__Activity__: The records below are to be reproduced exactly, and no picture should appear in the copy.

┌──

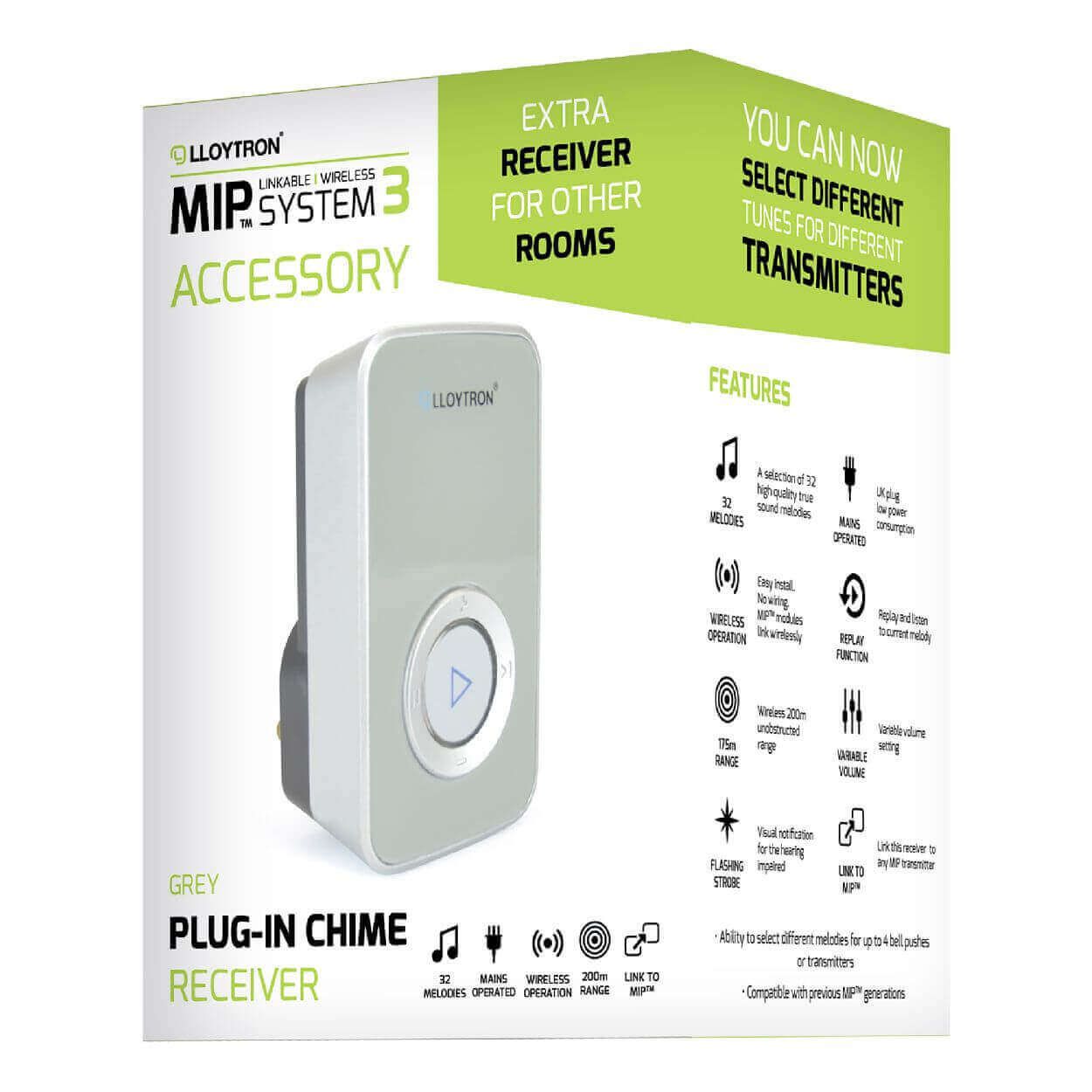 75623Lloytron 32 Melody Plug-In Chime Receiver Greyhttps://www.woodies.ie/media/catalog/product/cache/cf1890990df95d31ec3f71ca794d499e/d/b/db7935gr.jpg118082122.99EURInStock/DIY & Building Materials/DIY & Building Materials/Doors & Door Accessories/DIY & Building Materials/Doors & Door Accessories/Door Bells & Chimes/First Woodie’s Shop as a Homemaker32 MELEODY DOOR CHIME LONG RANGE EASY DIY PLUG AND PLAY VOLUME CONTROL FLASHING STROBE INDICATOR falsetrueSimpleProduct
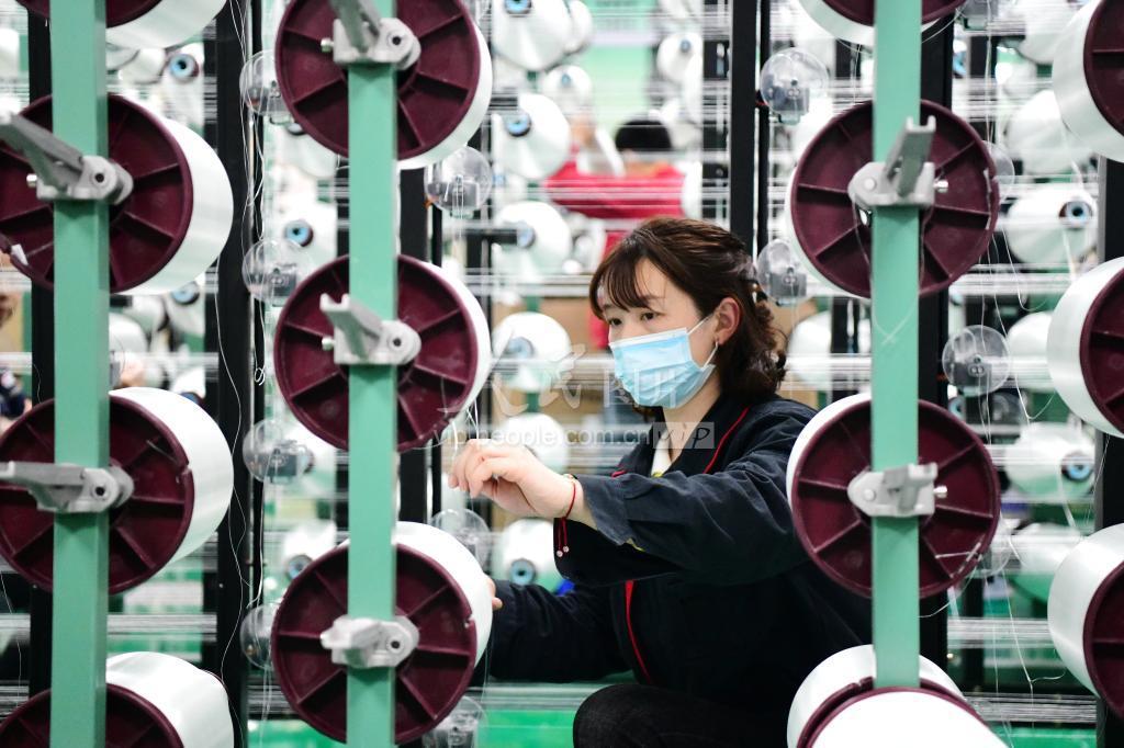 2022年4月19日,位于江西省赣州市上犹县新材料科创产业园的江西星科电子基材有限公司,捻线工人忙着加工出口的电子级玻纤复合材料。
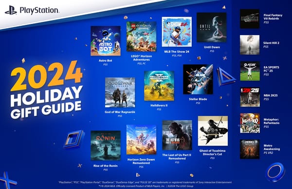 PlayStation Asia has shared their 2024 Holiday Gift Guide, which includes games such as Astro Bot and LEGO Horizon Adventures, and hardware like the PlayStation VR2, PULSE Explore wireless earbuds, and PULSE Elite wireless headset.
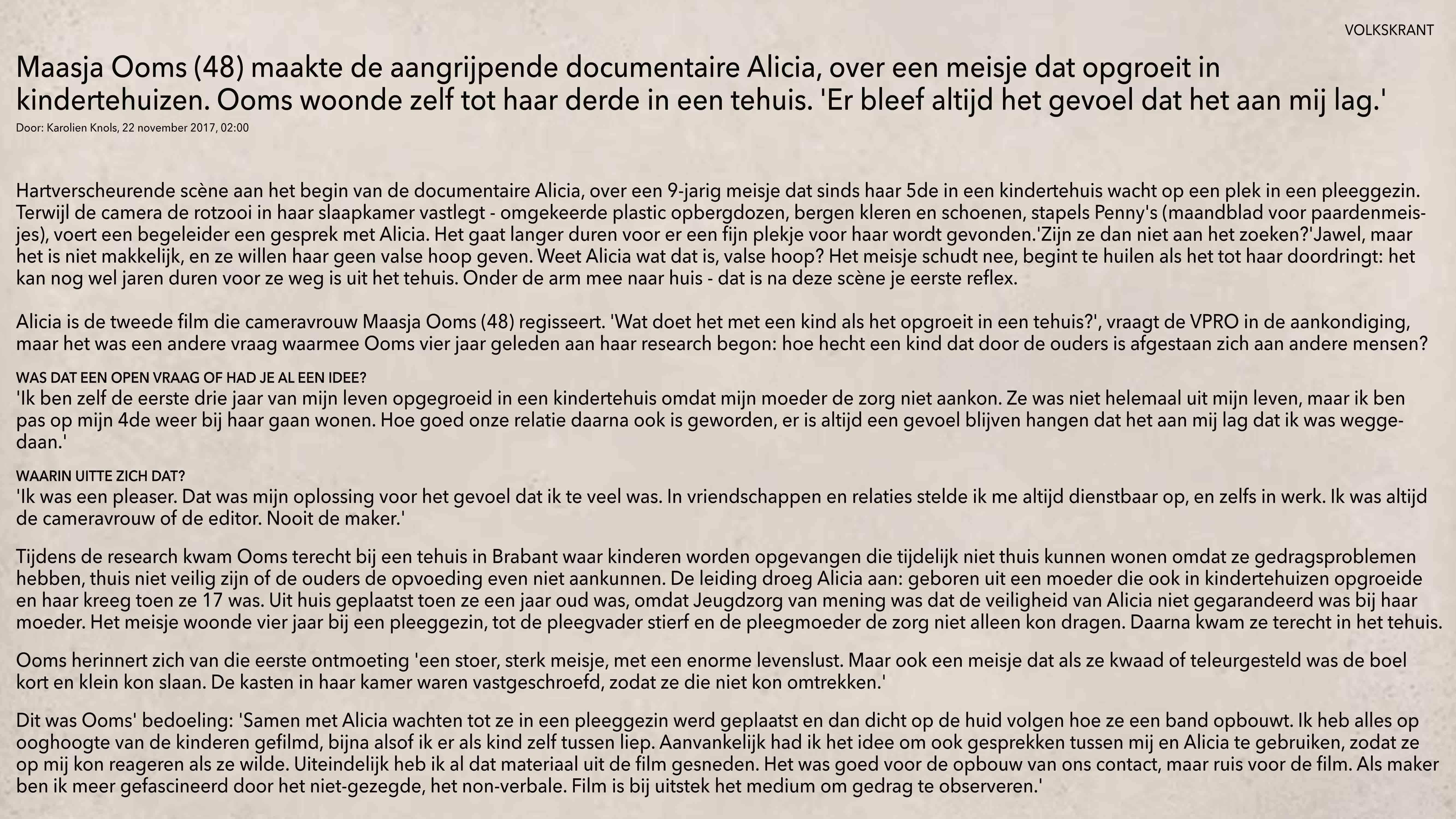 "The award for best TV documentary Prix Italia 2018 was chosen by the jury unanimously. The winner is the Dutch documentary « Alicia » - made by the excellent one woman-team Maasja Ooms, coproduced by VPRO Television. The film « Alicia » is not only a powerful portrait of a young girl drifting from foster family care to life in institutions. It's also a portrait of a system that is not working, social heritage and lack of love. A sensitive subject treated with warm compassion without judging the absent mother or the social workers. The documentary shows excellence in all aspects of filmmaking: best directing, best camera work, best storytelling and best editing. It's beautifully put together with emotional breaks to help the audience breath, and reflect. It punches us in the stomach with a message we never will forget. The prize doesn't only go to the filmmaker - we also want to dedicate it to Alicia herself for sharing her life with us. Thank you!"
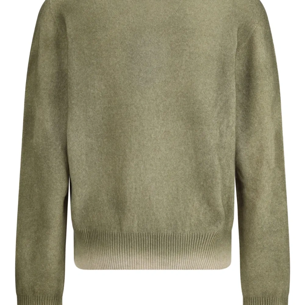 светло-оливковый цвет, круглый вырез, рубчатый низ, рубчатые манжеты, длинные рукава
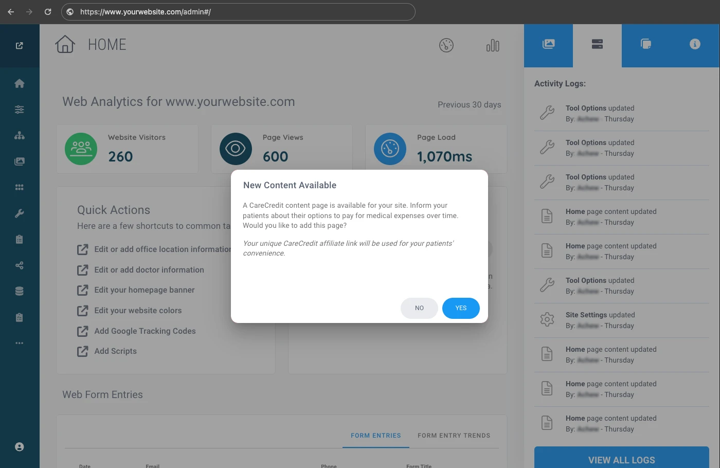 In either case, clicking ‘Yes’ will insert the new page with the CareCredit landing page content.
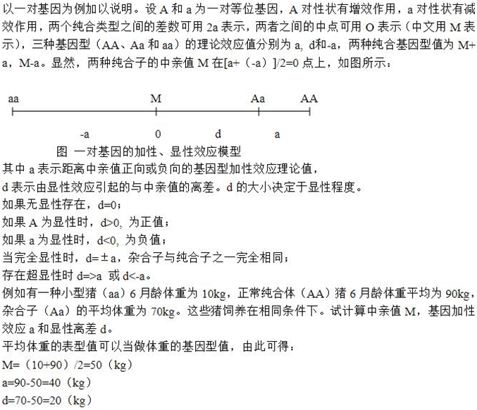 例子:假定猪的日增重由两对基因控制,AA和BB的表型值均为400g,aa和bb的表型值均为200g,A对a、B对b完全显性,因此

└──

__Your response__:
 75623Lloytron 32 Melody Plug-In Chime Receiver Greyhttps://www.woodies.ie/media/catalog/product/cache/cf1890990df95d31ec3f71ca794d499e/d/b/db7935gr.jpg118082122.99EURInStock/DIY & Building Materials/DIY & Building Materials/Doors & Door Accessories/DIY & Building Materials/Doors & Door Accessories/Door Bells & Chimes/First Woodie’s Shop as a Homemaker32 MELEODY DOOR CHIME LONG RANGE EASY DIY PLUG AND PLAY VOLUME CONTROL FLASHING STROBE INDICATOR falsetrueSimpleProduct
 2022年4月19日,位于江西省赣州市上犹县新材料科创产业园的江西星科电子基材有限公司,捻线工人忙着加工出口的电子级玻纤复合材料。
 PlayStation Asia has shared their 2024 Holiday Gift Guide, which includes games such as Astro Bot and LEGO Horizon Adventures, and hardware like the PlayStation VR2, PULSE Explore wireless earbuds, and PULSE Elite wireless headset.
 "The award for best TV documentary Prix Italia 2018 was chosen by the jury unanimously. The winner is the Dutch documentary « Alicia » - made by the excellent one woman-team Maasja Ooms, coproduced by VPRO Television. The film « Alicia » is not only a powerful portrait of a young girl drifting from foster family care to life in institutions. It's also a portrait of a system that is not working, social heritage and lack of love. A sensitive subject treated with warm compassion without judging the absent mother or the social workers. The documentary shows excellence in all aspects of filmmaking: best directing, best camera work, best storytelling and best editing. It's beautifully put together with emotional breaks to help the audience breath, and reflect. It punches us in the stomach with a message we never will forget. The prize doesn't only go to the filmmaker - we also want to dedicate it to Alicia herself for sharing her life with us. Thank you!"
 светло-оливковый цвет, круглый вырез, рубчатый низ, рубчатые манжеты, длинные рукава
 In either case, clicking ‘Yes’ will insert the new page with the CareCredit landing page content.
 例子:假定猪的日增重由两对基因控制,AA和BB的表型值均为400g,aa和bb的表型值均为200g,A对a、B对b完全显性,因此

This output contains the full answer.